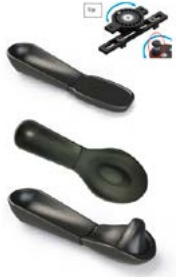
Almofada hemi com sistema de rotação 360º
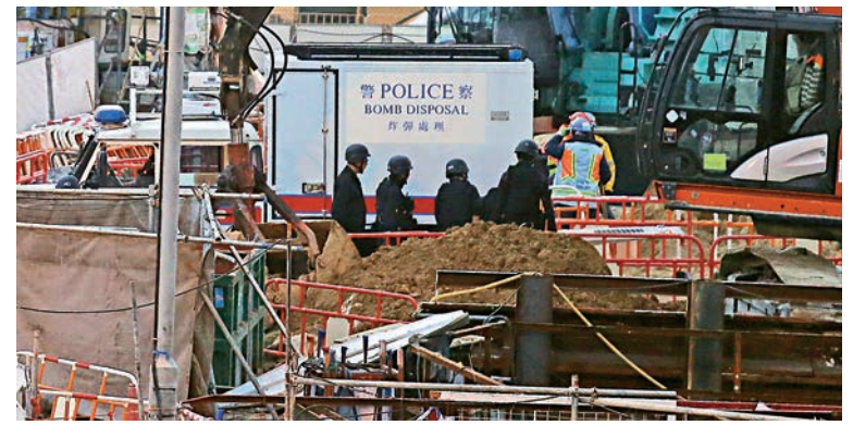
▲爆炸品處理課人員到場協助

==

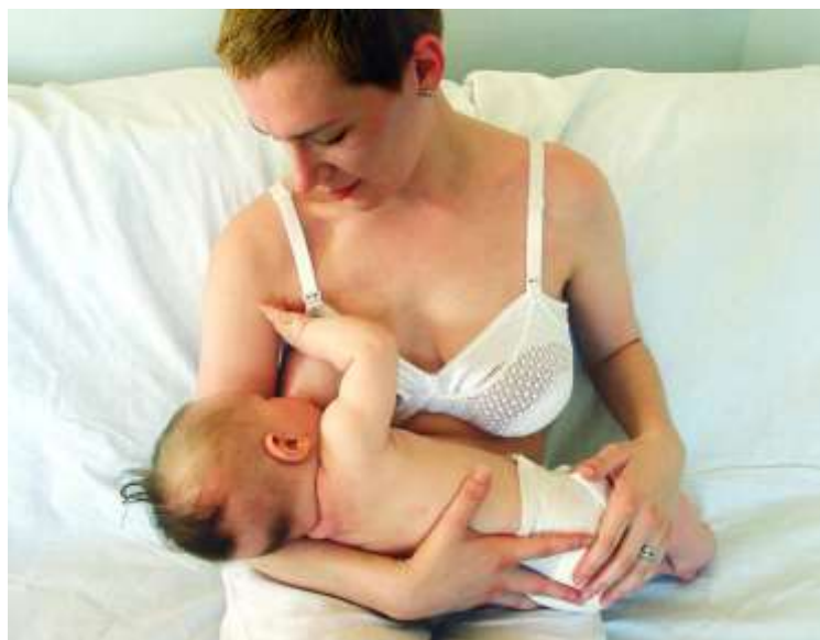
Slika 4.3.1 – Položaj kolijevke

* * *

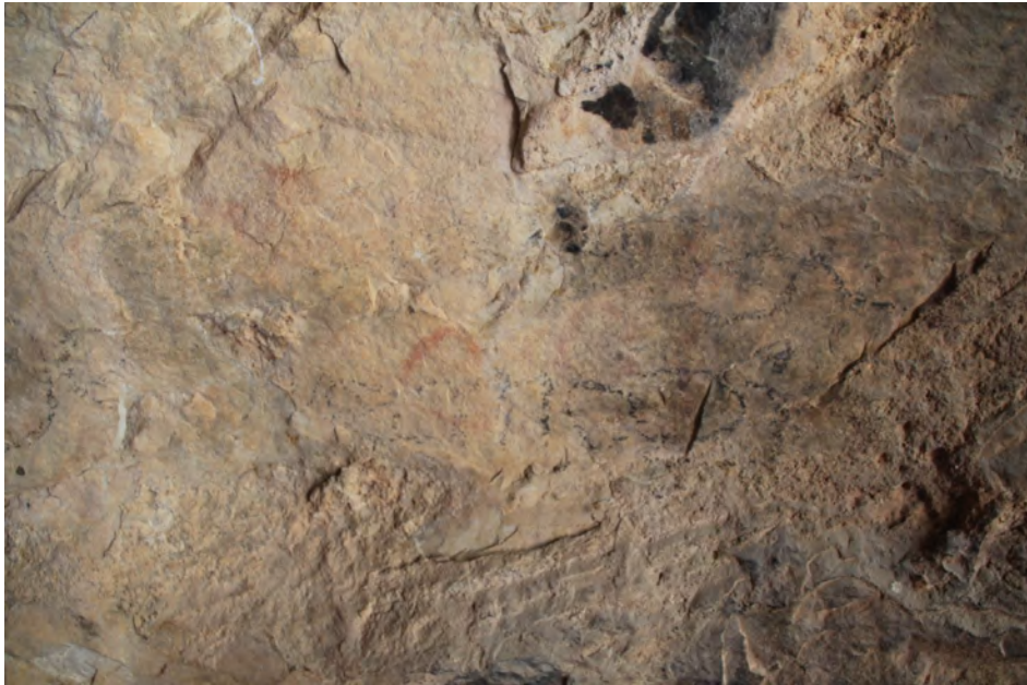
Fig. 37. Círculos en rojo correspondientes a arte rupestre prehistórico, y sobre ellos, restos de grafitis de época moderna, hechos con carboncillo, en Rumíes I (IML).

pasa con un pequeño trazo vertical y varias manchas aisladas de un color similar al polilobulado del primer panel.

• [Exercise goal] Once you find the line with "Fig. 37. Círculos" above, print it and every line after it up to and including the line with "pasa con un", exactly as written and nothing else.

• [Your response]
Fig. 37. Círculos en rojo correspondientes a arte rupestre prehistórico, y sobre ellos, restos de grafitis de época moderna, hechos con carboncillo, en Rumíes I (IML).

pasa con un pequeño trazo vertical y varias manchas aisladas de un color similar al polilobulado del primer panel.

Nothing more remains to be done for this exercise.